I don't think this essay is actually bad. It's just a very good look inside the mind of a person who would have been very happy as a society lady in the salons of pre-Revolutionary France. The line about the picture of her manicure and the Sontag book made me think of any of the supporting characters in the 1996 movie "Ridicule".
I disagree with your first statement quite strongly and I agree with everything else you said. I haven't seen Ridicule? Do you recommend? What's it about?
Ridicule is great. It's about pre-Revolutionary France.
Oh interesting. What is it about this type of woman that makes you think of the upper classes in pre-Revolutionary France?

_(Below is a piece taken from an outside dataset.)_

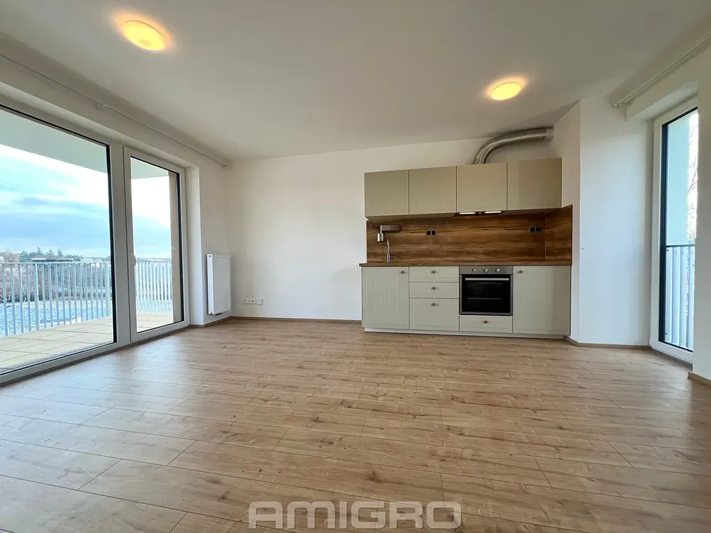 Byt je zcela nový, vybaven kuchyňskou linkou se sklokeramickou varnou deskou, elektrickou troubou, digestoří. Pronajímatel může byt dovybavit chladničkou.

I'm sorry but I cannot stand to read more endless reams of words from a young American liberal arts graduate who believes that because she is young, female, white, upper middle class, pretty and went to college, she actually writes pieces that have real quality and value.
It's not a nice essay, Leah. You believe that because you're in the bubble. To people outside of it, it's just more navel-gazing, self-involved, self-obsessed bullshit from the current crop of young, white, pretty, college-educated women who have decided that they are 'writers'. You can't be a real writer just because you decided to put some words to your precious little self-involvement.
I would have gone with Joanism as a description, since Joananism sounds like the female version of Onanism...although that's really what a lot of this stuff is: intellectual masturbation. The essay isn't terrible and I don't blame the mentioned demographic for getting caught up in it. After all they started further up Maslow's hierarchy than I did. They have to fill their privileged hours with SOMETHING.
Why are the women in this group given to this sort of melancholic affectation? It's like this rambling attack of dysthymia that they have to type out. How come the men of this socioeconomic class don't get these attacks of rambly, self-obsessed melancholia?